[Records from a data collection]

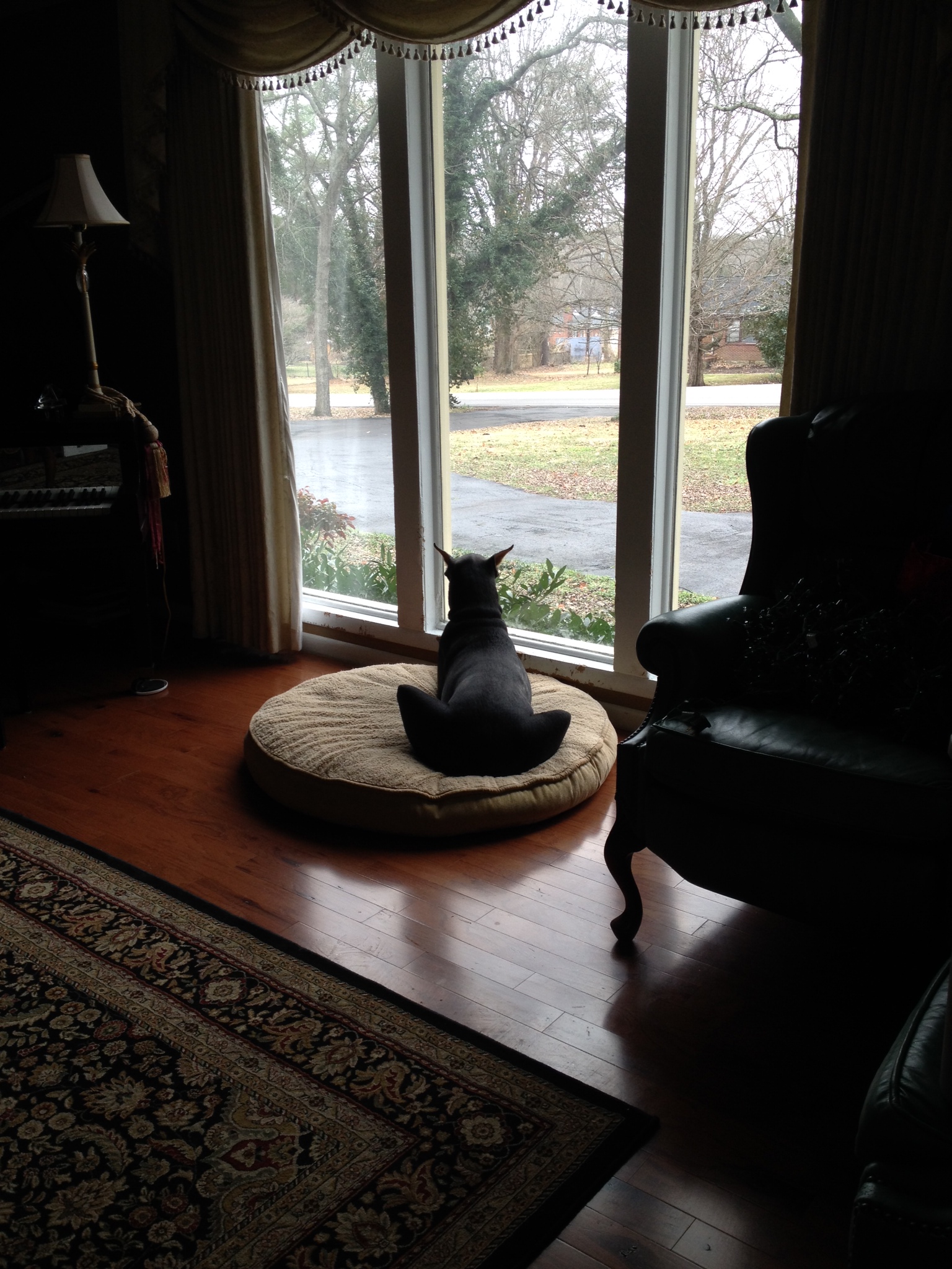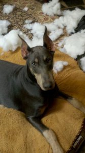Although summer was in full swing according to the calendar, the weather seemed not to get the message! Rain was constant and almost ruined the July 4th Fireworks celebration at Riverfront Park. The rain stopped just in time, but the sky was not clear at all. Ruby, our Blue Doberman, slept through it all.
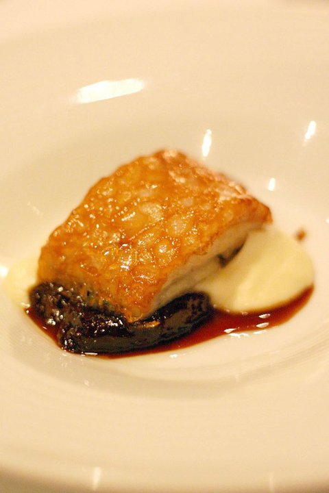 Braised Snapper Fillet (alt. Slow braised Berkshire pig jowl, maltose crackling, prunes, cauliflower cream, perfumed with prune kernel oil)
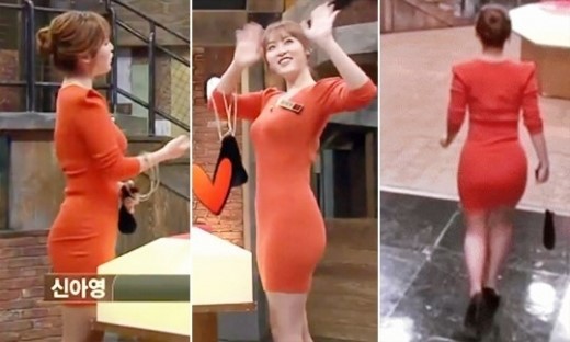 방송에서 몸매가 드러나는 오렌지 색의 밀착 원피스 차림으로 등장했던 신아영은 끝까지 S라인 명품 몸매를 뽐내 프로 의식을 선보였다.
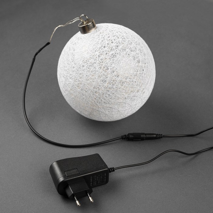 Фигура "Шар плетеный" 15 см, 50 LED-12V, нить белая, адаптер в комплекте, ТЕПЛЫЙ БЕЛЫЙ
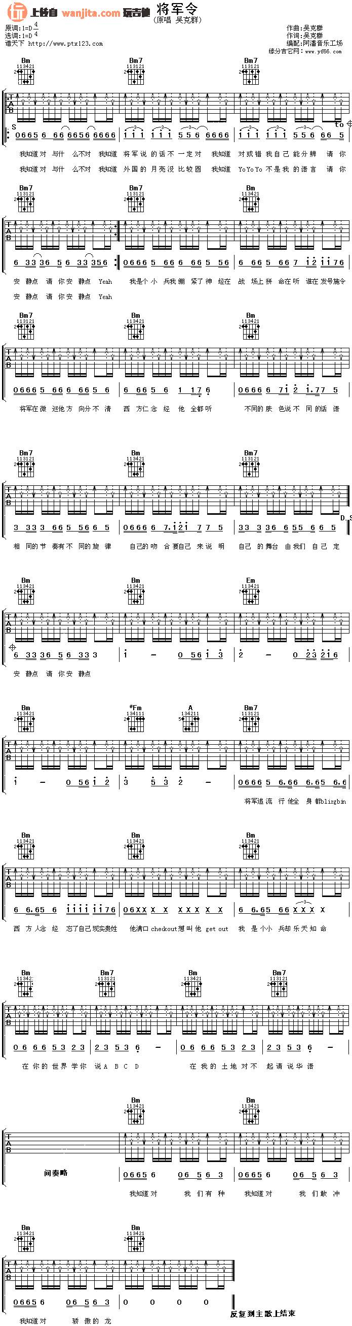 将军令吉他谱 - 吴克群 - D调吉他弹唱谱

---

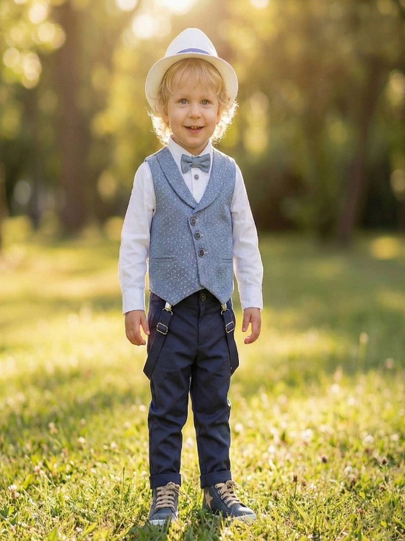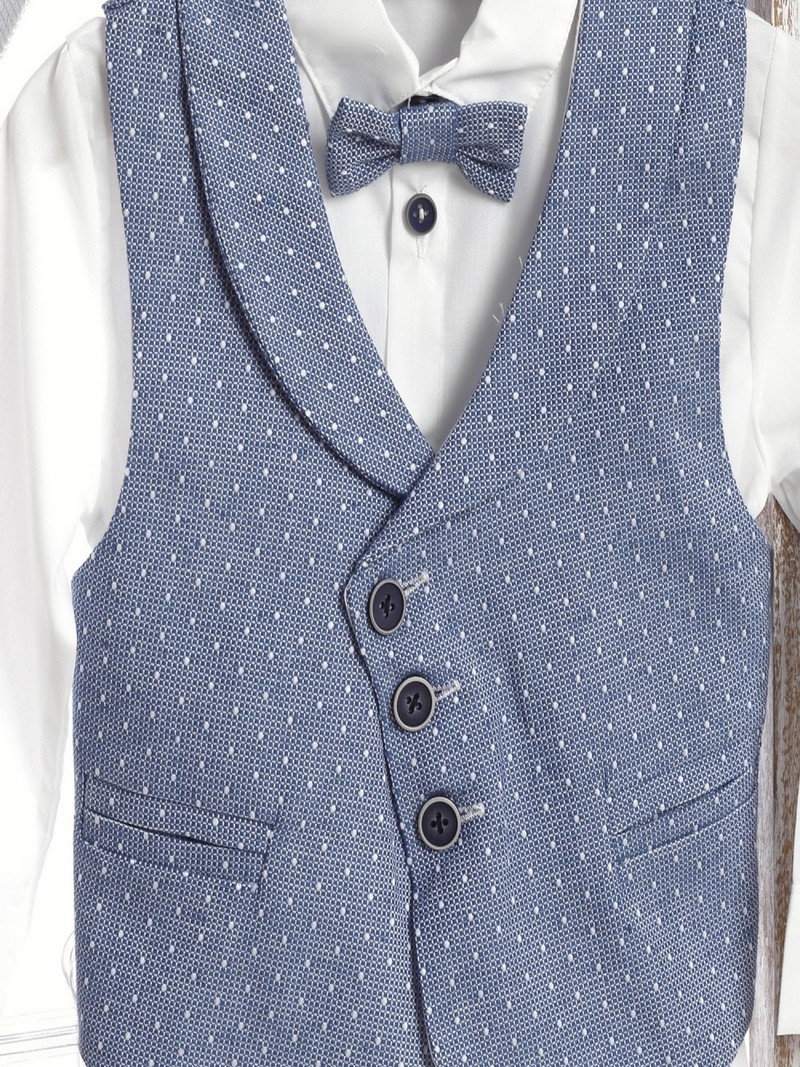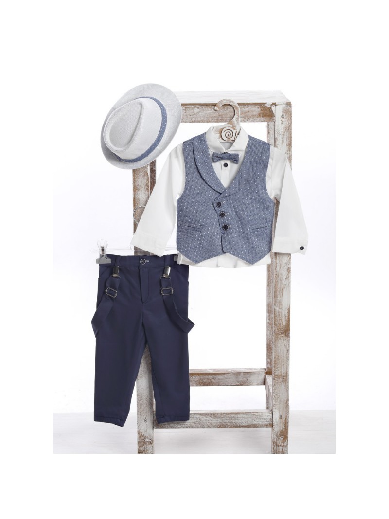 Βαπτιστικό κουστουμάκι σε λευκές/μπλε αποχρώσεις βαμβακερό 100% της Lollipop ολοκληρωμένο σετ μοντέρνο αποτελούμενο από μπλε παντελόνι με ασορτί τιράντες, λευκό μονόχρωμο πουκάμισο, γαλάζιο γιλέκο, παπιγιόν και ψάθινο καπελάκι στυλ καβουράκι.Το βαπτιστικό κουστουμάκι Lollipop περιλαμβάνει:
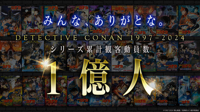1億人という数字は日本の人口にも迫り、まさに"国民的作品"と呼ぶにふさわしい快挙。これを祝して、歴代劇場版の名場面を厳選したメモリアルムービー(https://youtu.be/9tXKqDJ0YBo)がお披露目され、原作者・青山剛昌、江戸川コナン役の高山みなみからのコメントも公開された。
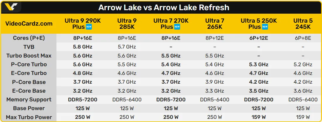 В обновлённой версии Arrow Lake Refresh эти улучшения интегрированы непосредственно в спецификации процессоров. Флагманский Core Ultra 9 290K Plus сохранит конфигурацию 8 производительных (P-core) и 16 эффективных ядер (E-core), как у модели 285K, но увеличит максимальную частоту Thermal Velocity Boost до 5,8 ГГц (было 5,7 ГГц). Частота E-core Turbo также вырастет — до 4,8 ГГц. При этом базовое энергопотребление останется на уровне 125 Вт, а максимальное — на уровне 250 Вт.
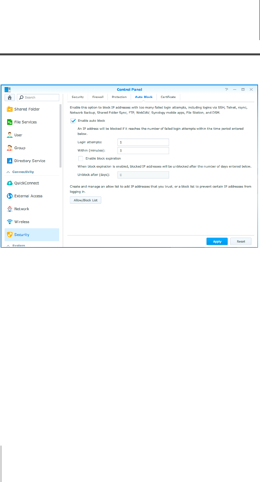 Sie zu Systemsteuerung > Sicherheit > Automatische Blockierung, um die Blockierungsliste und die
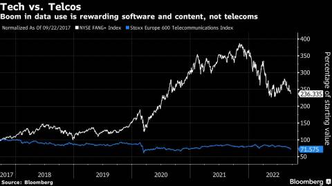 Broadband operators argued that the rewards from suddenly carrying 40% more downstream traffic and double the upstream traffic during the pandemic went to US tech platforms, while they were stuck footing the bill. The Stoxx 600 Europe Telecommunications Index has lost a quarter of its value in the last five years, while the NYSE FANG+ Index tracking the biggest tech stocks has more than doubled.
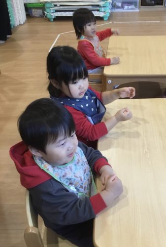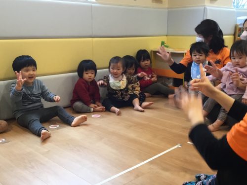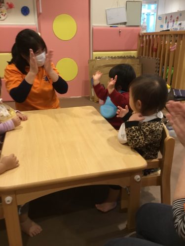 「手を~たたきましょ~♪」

▶ **Your task**: Write out exactly the lines above between the one with "Although summer was" and the one with "将军令吉他谱 - 吴克群 - D调吉他弹唱谱", inclusive, with pictures left out.

▶ **Exercise answer**:
Although summer was in full swing according to the calendar, the weather seemed not to get the message! Rain was constant and almost ruined the July 4th Fireworks celebration at Riverfront Park. The rain stopped just in time, but the sky was not clear at all. Ruby, our Blue Doberman, slept through it all.
 Braised Snapper Fillet (alt. Slow braised Berkshire pig jowl, maltose crackling, prunes, cauliflower cream, perfumed with prune kernel oil)
 방송에서 몸매가 드러나는 오렌지 색의 밀착 원피스 차림으로 등장했던 신아영은 끝까지 S라인 명품 몸매를 뽐내 프로 의식을 선보였다.
 Фигура "Шар плетеный" 15 см, 50 LED-12V, нить белая, адаптер в комплекте, ТЕПЛЫЙ БЕЛЫЙ
 将军令吉他谱 - 吴克群 - D调吉他弹唱谱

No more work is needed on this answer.